Sex Scandal, Hipocrisy Brings Down Spitzer
He went after Wall Street, the insurance industry, going after some of the biggest players in their respective industries, and gained fame as the crusader of justice during his tenure as New York Attorney Eliot Spitzer. Now the man who was once dubbed "Mr. Crusader" has fallen from grace with all the makings of a Greek tragedy.
Spitzer resigned as governor of New York yesterday, scheduled to take effect on Monday, March 17, amid allegations of being involved in a prostitution ring, the hypocrisy and irony lost on no one. Women's rights groups had hailed his efforts to bring stronger penalties against men who used prostitutes.

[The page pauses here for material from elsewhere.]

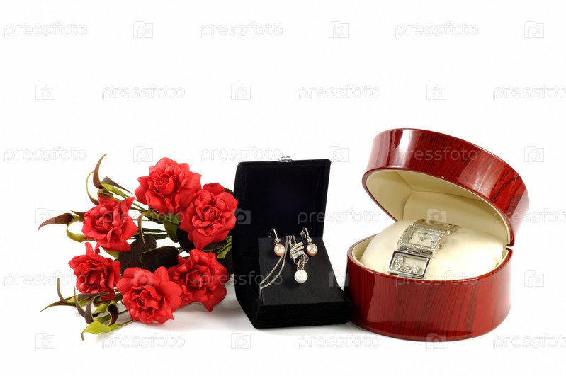 Ювелирные украшения в подарочной коробке с цветами и наручные часы в коробке

The governor who liked to call himself "the steamroller" reportedly came to the attention of prosecutors because he was moving money from a bank account in a suspicious manner. That led investigators to a high class prostitution agency, and to the revelation that Spitzer was one of its clients.
New York's tabloids reported on Wednesday that the governor had spent some $80,000 on prostitutes.
Spitzer faces the possibility of federal criminal charges over how he may have paid for prostitution services, specifically charges of structuring, which entail payments made so as to conceal their purpose and source.
Another violation may involve money laundering, if payments made to the suspected prostitution ring's shell corporations are found to be part of a larger conspiracy, legal experts said.
Legal observers speculated Spitzer was seeking to reach a deal to avoid or reduce any criminal liability before he left office. On Wednesday, the top federal prosecutor in New York said there was no such deal.